I would also like to tell you about an incredible new book
we’ll be publishing later this year, Lama Zopa Rinpoche’s
Heart of the Path, a compilation of more than three
decades’ teachings on guru devotion, expertly edited
by our senior editor, Ven. Ailsa Cameron. At present we’re
inviting all of you to contribute
to this amazing project and if you would like to play
a part in bringing these important teachings to the world,
please do so. Thank you so much.
His Holiness the Dalai Lama's Travels
And speaking of incredible, amazing and important
teachings, our friends Josh and Diana Cutler of the Tibetan
Buddhist Learning Center are organizing a six-day series
of teachings by His Holiness the Dalai Lama on the Lam-rim
Chen-mo at LeHigh University this summer. There are still
plenty of tickets left so I encourage you to try to get to
this wonderful event. See www.dalailamajuly2008.com.

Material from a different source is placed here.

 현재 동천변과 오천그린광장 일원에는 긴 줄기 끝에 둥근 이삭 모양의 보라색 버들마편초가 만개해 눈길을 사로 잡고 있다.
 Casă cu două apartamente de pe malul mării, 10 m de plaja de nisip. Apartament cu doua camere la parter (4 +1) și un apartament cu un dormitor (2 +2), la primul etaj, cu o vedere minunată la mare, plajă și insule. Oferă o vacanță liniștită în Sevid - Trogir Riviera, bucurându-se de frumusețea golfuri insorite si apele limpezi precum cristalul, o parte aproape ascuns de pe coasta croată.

If you want to keep track of His Holiness’s travels
in general you can see
his schedule here. And, you can read many teachings
by His Holiness on our website.
Final Notes
On a much sadder note, I just wanted to mention the passing
of my very dear friend Henry Lau in Singapore on February
8. I first met Henry in 1983, just after I had taken over
Wisdom Publications in London and was roaming the East looking
for money. One of Lama Yeshe’s students in Singapore
introduced me to some local Buddhists, one of whom was Henry.

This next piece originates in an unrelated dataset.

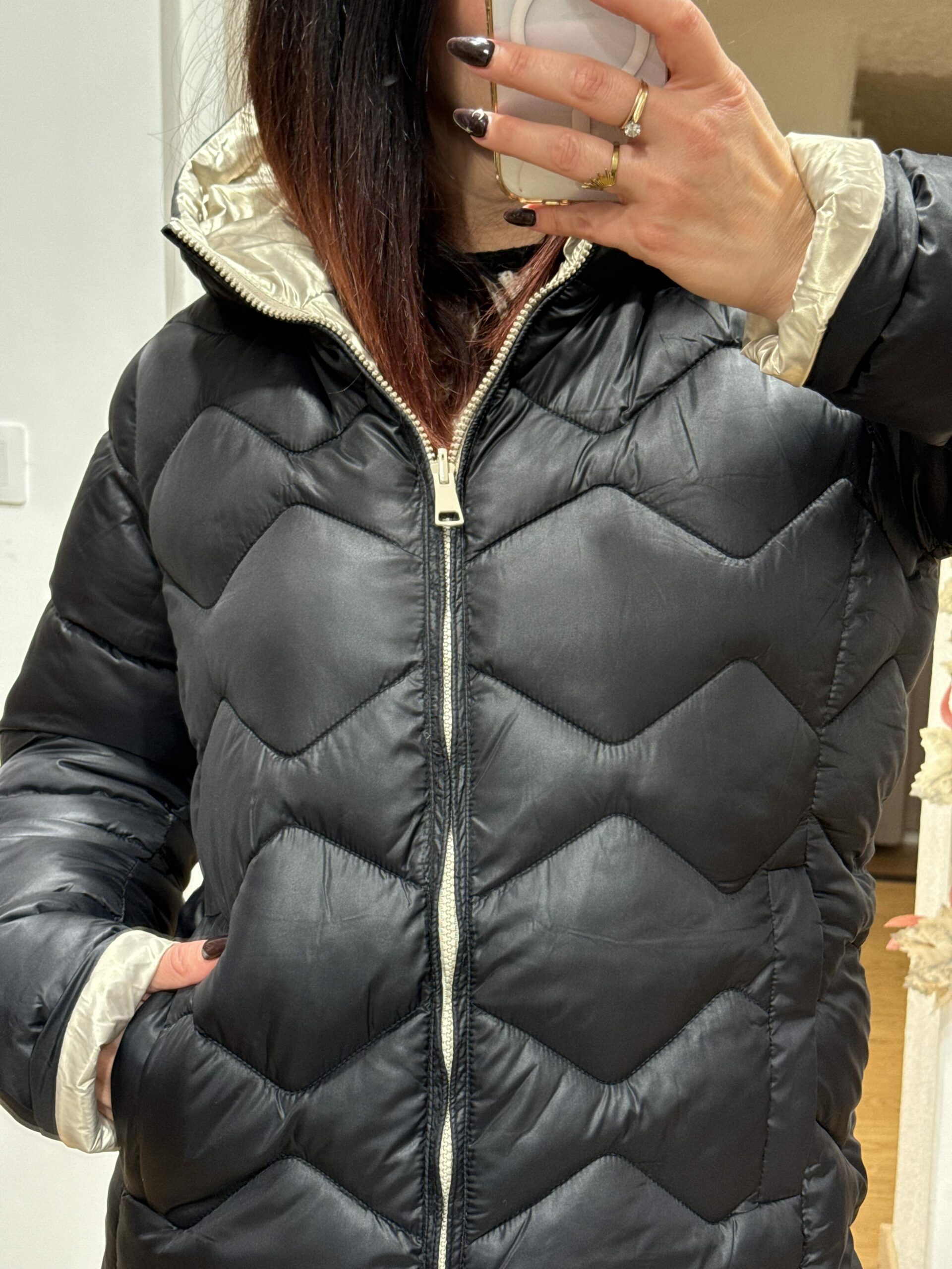 Ultra légère et chaude, elle conjugue confort et style avec son intérieur noir contrasté et sa coupe mi-longue flatteuse.

He immediately began to help and even in death continues to
do so. Not long after we met, Henry also became a very devoted
student of Lama Zopa Rinpoche, who guided Henry and his family
over the last couple of years and through the death process.
So please keep Henry and his family—wife Catherine and
sons Yuan and Howie—in your prayers. Thank you.
This month’s teaching comes from Heart of the Path
and we dedicate it to Henry’s quickly finding another
perfect human body and another perfect Vajra Guru.
Much love,
Nick Ribush
Director
Why Do We Need A Guru?
In order to do the practice of guru devotion, we first have
to have clear in our mind why this practice is important.
Why do we need a guru? We might think, “Achieving liberation
and enlightenment is fine, but why do I need a guru to do
it? As long as books on the subject are available, I can read
them, then practice. Why do I need a guru?”
You might think that to generate the path to enlightenment,
it’s enough to read Dharma books and study by yourself.
However, generally speaking, you can’t clearly understand
the meaning of Dharma teachings, especially the hidden meanings
that need clarification through commentary, without the explanations
of a guru. There is a big difference between learning something
from a teacher and just reading about it in a book. Listening
to a teacher has a much greater effect on your mind. Being
able to parrot the words written in books doesn’t mean
that you really understand a subject.
Even to have intellectual understanding of a subject we
have to depend on a teacher. And our goal is to have not just
an intellectual understanding of the path to enlightenment
but experience of it. Without experience of the path we can’t
have a clear, complete understanding of any of its points.
Having experiences or realizations of the path to enlightenment
depends on receiving the blessings of the guru within our
own mental continuum. The clear, strong feeling in our heart
and deep benefit to our mind are what are meant by the blessings
of the guru. Without a guru, we can’t achieve realizations.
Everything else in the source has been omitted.